Data protection information per Art. 13 and Art. 14 of the GDPR

We, SCHOMBURG GmbH & Co. KG, headquartered at Aquafinstr. 2-8 in 32760 Detmold, Germany, wish to explain which of your data we process. If you have any questions about data protection, please feel free to contact our data protection officer at or +49 5232 696555-8.

The purpose of data processing is contract initiation and contract implementation.
We process personal data in accordance with the following legal bases:
• Art. 6, para. 1 letter a of the GDPR for processing of personal data with the consent of the affected person.
• Art. 6, para. 1 letter b of the GDPR for fulfilment of a contract with the affected person and implementation of associated pre-contractual measures.
• Art. 6, para. 1 letter c of the GDPR for necessary processing of personal data for fulfilment of a legal obligation to which we are subject according to applicable EU law or according to the law of the country in which the GDPR is partly or wholly applicable.
• Art. 6, para. 1 letter f of the GDPR for necessary processing of personal data in order to protect our entitled interests or those of third parties, insofar as they do not outweigh the basic liberties and basic rights and interests of the affected person. Entitled interests are, in particular, our commercial interest in being able to provide our website, information security, assertion of legal claims and observance of other legal requirements.

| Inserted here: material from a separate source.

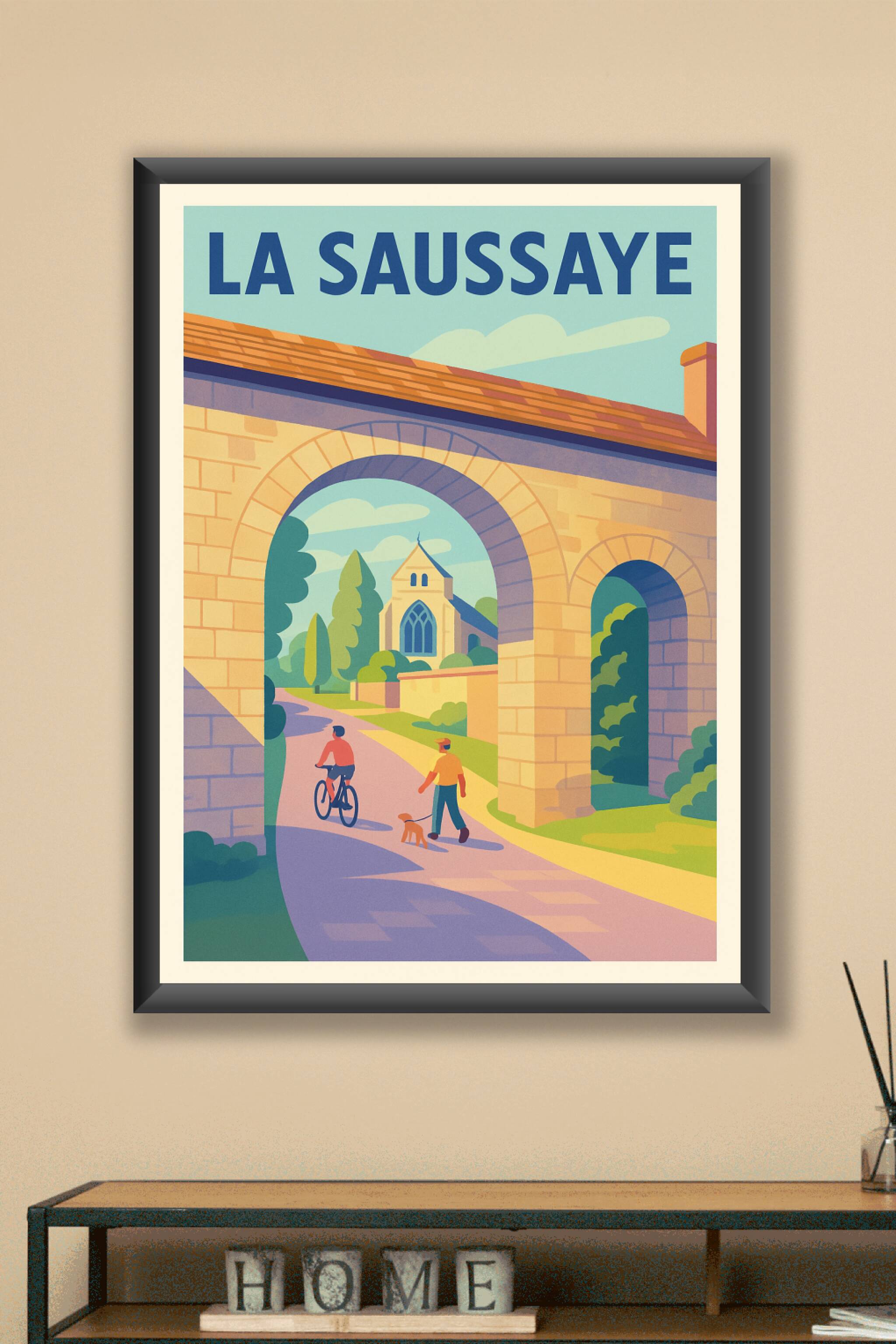Apportez une touche de sérénité et de charme normand à votre intérieur avec cette magnifique affiche illustrée représentant une scène paisible sous les arches historiques de La Saussaye. Ce poster capture l’essence bucolique de la ville, mêlant architecture ancienne et nature verdoyante, idéale pour les amoureux des villages authentiques.Cette œuvre est imprimée en tirage "Fine Art" sur un papier premium 305g coton, garantissant des couleurs éclatantes et une qualité d'impression exceptionnelle. Disponible en formats A1 à A4, avec ou sans cadre, ce poster s'adapte parfaitement à tous les espaces, que ce soit pour une décoration élégante ou comme cadeau raffiné. Profitez d'un produit 100% fabriqué en France pour embellir votre intérieur avec une affiche de qualité supérieure.

We process data we have received from you as part of implementing our business relationship. We receive the data directly from you during order placement or order processing.

Specifically, for implementing our services, we process:
• Master data for implementing and providing the service. (such as name and address, e-mail address and telephone number)
• Data related to payment processing
• Correspondence (such as letter or e-mail communication with you)
• Advertising and sales data (such as that regarding potentially interesting offers)

Creditworthiness and scoring inspection
Provided we allow you the basic option to pay on invoicing within the scope of the goods and services we offer and you take advantage of this option, we reserve the right to request information from a credit agency (e.g. CRIF BÜRGEL GmbH branch office Bielefeld) regarding creditworthiness on the basis of a mathematical-statistical procedure. In this case, your data shall be forwarded to the credit agency, provided they are contractually relevant, e.g. your name and address. The information that follows from this regarding statistical probability of a payment failure will be used by us to make a decision about whether we shall offer you the option to pay on invoicing. The legal basis for this processing is provided by our legitimate interest in protection against payment failure and prevention of fraud as per Art. 6 Para.1 lit. f) GDPR.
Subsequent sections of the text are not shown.